Une grande partie des dépenses d'un animal de compagnie concerne la nourriture. Pour un chat, elles se montent à 1 340 yuans environ, les soins médicaux se montant à 742 yuans en moyenne.

« Environ 41% des 99,8 millions de foyers chinois possédant des animaux domestiques ont maintenant des chats, et leur nombre ne cesse de croître », a déclaré Neil Wang, président de Frost & Sullivan China. Par ailleurs, toujours d'après le rapport, en plus des 67 millions de chats de compagnie, il y en a encore plus, adoptés ou donnés par des amis et la famille.

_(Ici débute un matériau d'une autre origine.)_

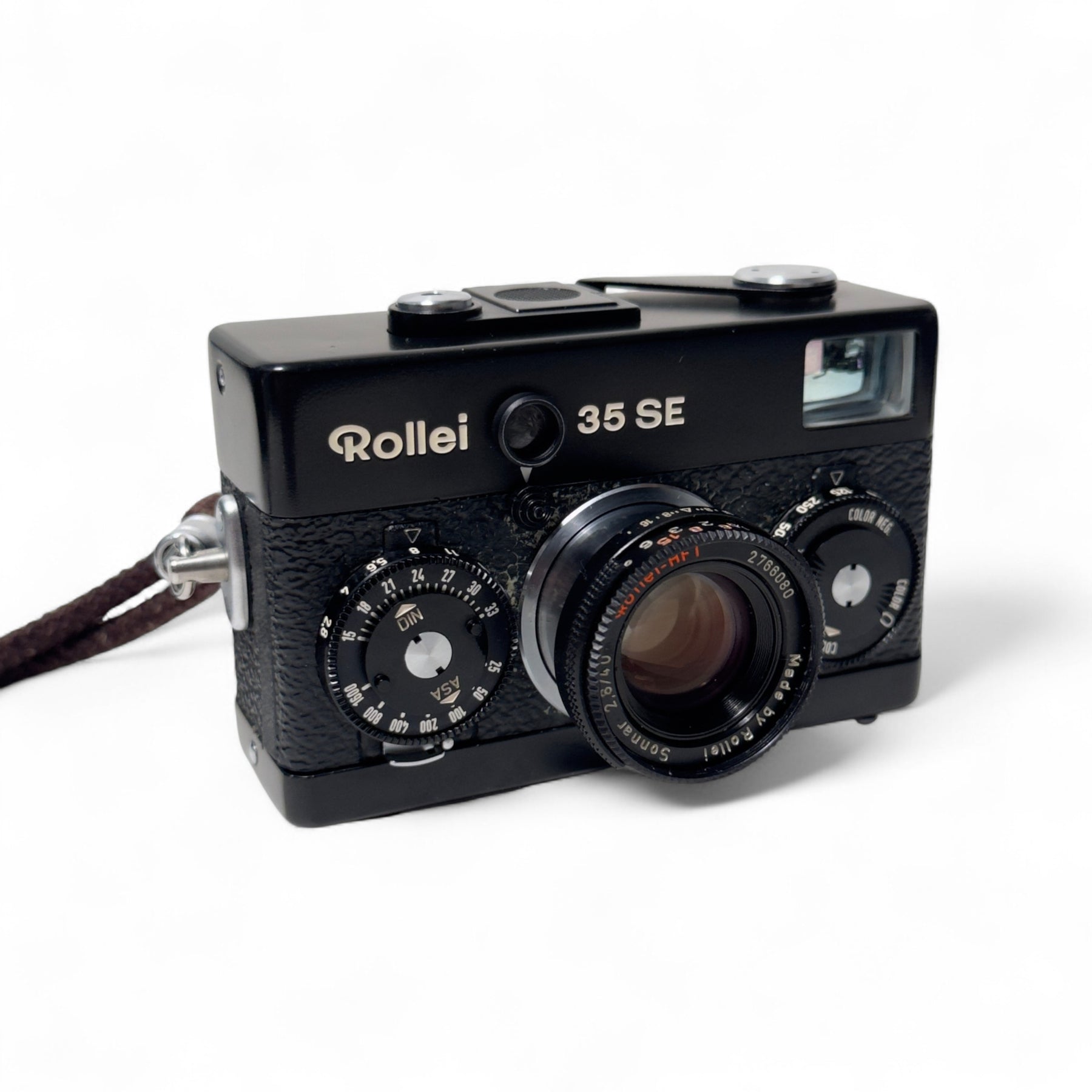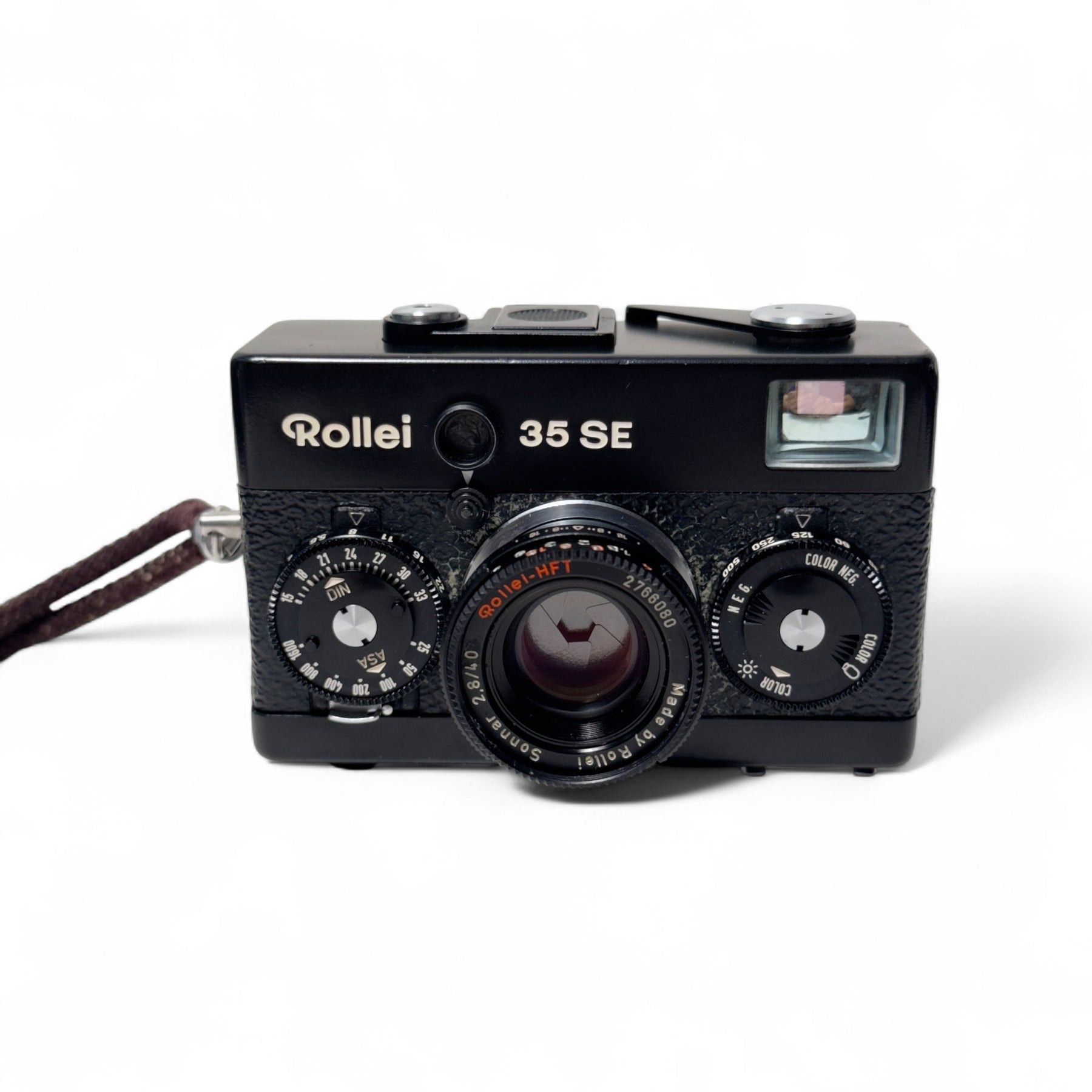 The Rollei 35 SE is the final and most advanced model of the Rollei 35 series. It adds a bright LED meter system and retains the legendary Sonnar 40mm f/2.8 lens, producing rich contrast, fine detail, and glorious vintage vibes with every shot.

Tout cela a engendré une sorte de culture du chat, couvrant une variété d'activités commerciales. Par exemple, des applications spécialisées proposent un service appelé « cloud petting », qui permettent à ceux qui ne possèdent pas de chat d'en chouchouter un de manière virtuelle. Ces derniers peuvent suivre les « célébrités félines » sur les plates-formes de médias sociaux.

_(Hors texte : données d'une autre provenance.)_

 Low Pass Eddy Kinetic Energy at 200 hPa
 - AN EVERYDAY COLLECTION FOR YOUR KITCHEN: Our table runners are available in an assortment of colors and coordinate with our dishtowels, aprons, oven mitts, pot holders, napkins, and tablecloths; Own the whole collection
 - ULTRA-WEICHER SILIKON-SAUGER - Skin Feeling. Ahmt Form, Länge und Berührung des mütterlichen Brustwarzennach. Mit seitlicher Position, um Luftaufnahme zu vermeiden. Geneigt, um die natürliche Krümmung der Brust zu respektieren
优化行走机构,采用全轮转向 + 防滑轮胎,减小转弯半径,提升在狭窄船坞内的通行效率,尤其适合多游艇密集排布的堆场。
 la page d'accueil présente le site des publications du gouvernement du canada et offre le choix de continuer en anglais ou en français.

« Erdou » et « Guazi » sont deux célébrités de ce type sur Douyin, l'une des plateformes de partage de vidéos les plus populaires de Chine. Ils appartiennent à la même personne qui a posté leurs vidéos sur un compte appelé « Liu Erdou qui peut parler ». Le compte est rapidement devenu très populaire, attirant plus de 46 millions de followers et 390 millions de « pouces en l'air » (ou « likes »).

La gestionnaire du compte a commencé à recevoir des offres publicitaires de marques reconnues. Cette dernière lui a demandé de donner son soutien à certains produits dans ses vidéos courtes.

Ce n'est qu'une façon de gagner de l'argent dans l'économie des chats. Car de nombreuses personnes fabriquent des produits ou offrent des services qui rendent la vie des chats plus agréable et leurs propriétaires plus heureux.

Par exemple, un masseur électrique pour le cuir chevelu coûte environ 120 yuans et un « FURminator » (peigne de toilettage pour chat) plus de 100 yuans, avec un petit cadeau en bonus, sous la forme d'un peigne pour le propriétaire du chat ! Ensuite, il y a un toboggan intérieur pour 300 yuans, toutes sortes de lits, et bien d'autres choses encore.

Pourtant, tout cela n'est que la partie visible de l'iceberg de l'économie féline. Les soins médicaux, les parcs à thème et les services de pension pour animaux de compagnie élargissent aussi le secteur. Les vacances de la Fête du Printemps, en février, ont été une période de pointe pour des services de ce type, car de plus en plus de propriétaires d'animaux de compagnie ont eu tendance à recourir aux hôtels de luxe pour animaux de compagnie car les chenils d'accueil ordinaires étaient surbookés.

Liu Ronghuan, 35 ans, professeur d'université à Beijing, s'est dite très satisfaite de l'hôtel pour animaux de compagnie qu'elle a choisi pour son chat. Il offrait des services de luxe comme des massages, des salons de beauté et des photos de portraits d'animaux. Le séjour de sept jours lui a coûté environ 5 000 yuans, presque le même prix qu'une chambre d'hôtel trois étoiles.

« Au-delà du prix, je me suis davantage souciée de savoir si mon chat passait un moment agréable pendant la réunion de famille", a-t-elle dit.